DATASET EXCERPTS »
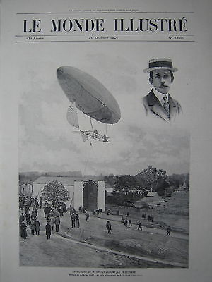 OLD PRINT ENGRAVING 1901 BRESIL BRASIL AVION PLANE SANTOS-DUMONT AEROPLANE
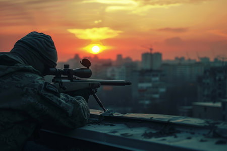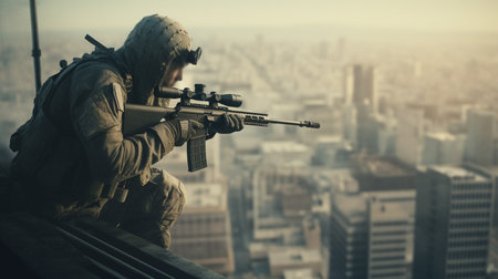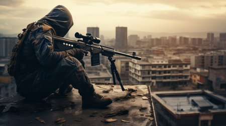 Sniper stationed on a building aims at his target Generated by AI . High-quality photo
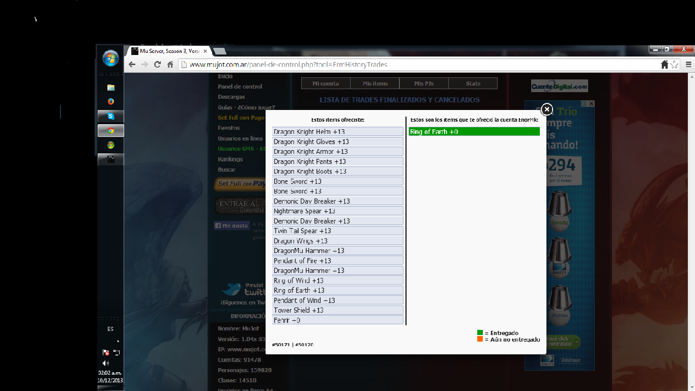 BUENO HOY UN PJ DEL MUJOT LLAMADO XxKrostyxX ME ROBO POR TRADE ONLINE E SACO MIS ET +ARMAS JOYERIA ALAS HARMONYS TODO -.- TENGO LA FOTO DEL ECHO..... QUIERO SABER QUE PUEDEN HACER MI PJ SE LLAMA Guachin-.-
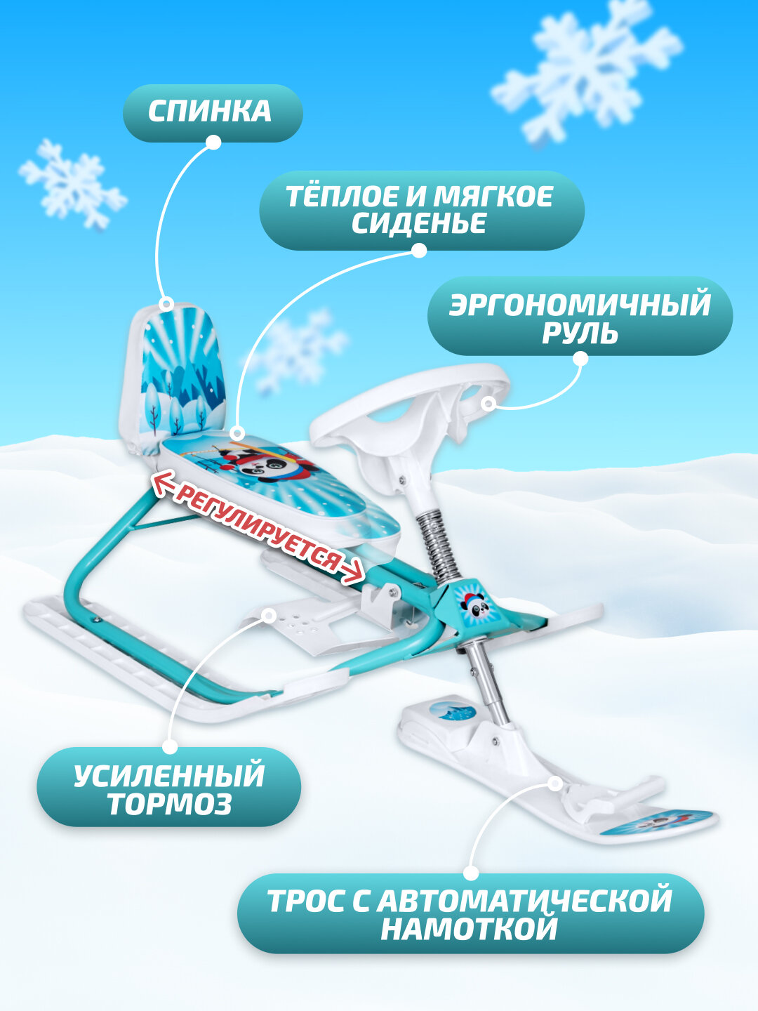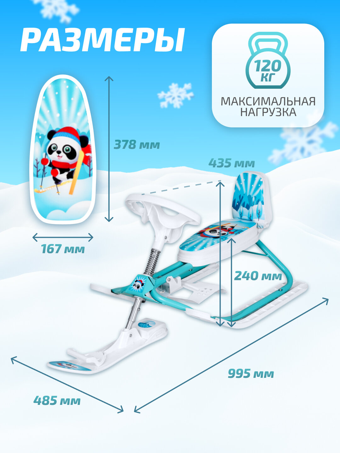 Снегокат Дэми детский со спинкой Панда СНК.10-02 для прогулок и катания с гор
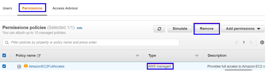 Step 06:In the Managed Policies section, choose Detach Policy next to the Administrator Access managed policy to detach it from the selected Amazon IAM group.
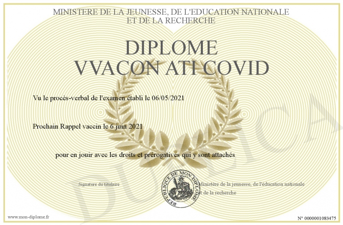 Envoyez par email votre Diplôme vvacon ati covid personalisé
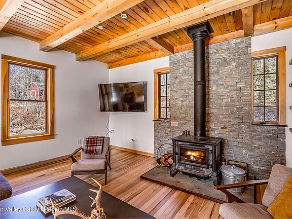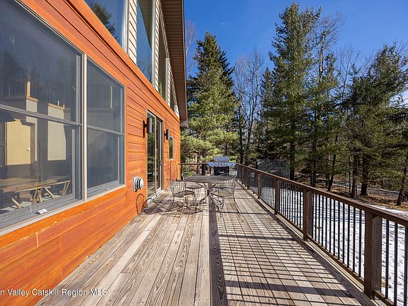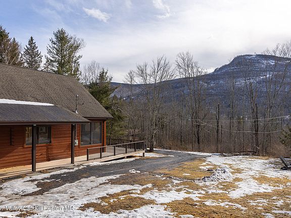 Nestled amidst the breathtaking beauty of the Catskill Mountains in the coveted town of Hunter, this stunning 3-bedroom, 2.5-bathroom retreat on just over an acre offers the perfect blend of privacy, comfort, and adventure. Located at the end of a dead-end lane just minutes from world-class skiing at Hunter Mountain, this property is a dream come true for outdoor enthusiasts and those seeking a peaceful mountain escape. A bright and airy interior, boasts a spacious layout perfect for entertaining and unwinding. The home is designed for comfortable living, with ample room for family and friends and a large loft space upstairs to accommodate overflow. Gather around the impressive hearth on chilly evenings, creating lasting memories with loved ones. The warm glow and crackling flames provide the perfect ambiance for cozy nights in. Step out onto the expansive deck and soak in the breathtaking mountain views. Large windows throughout the home flood the interior with natural light, creating a bright and cheerful atmosphere. Sale to include parcel 164.05-2-13 for a total of 1.2 acres.

EXERCISE DESCRIPTION » Return exactly the lines of the material above, starting at the line containing "BUENO HOY UN" and finishing at the line containing "Envoyez par email", without any pictures.

WRITTEN RESPONSE »
 BUENO HOY UN PJ DEL MUJOT LLAMADO XxKrostyxX ME ROBO POR TRADE ONLINE E SACO MIS ET +ARMAS JOYERIA ALAS HARMONYS TODO -.- TENGO LA FOTO DEL ECHO..... QUIERO SABER QUE PUEDEN HACER MI PJ SE LLAMA Guachin-.-
 Снегокат Дэми детский со спинкой Панда СНК.10-02 для прогулок и катания с гор
 Step 06:In the Managed Policies section, choose Detach Policy next to the Administrator Access managed policy to detach it from the selected Amazon IAM group.
 Envoyez par email votre Diplôme vvacon ati covid personalisé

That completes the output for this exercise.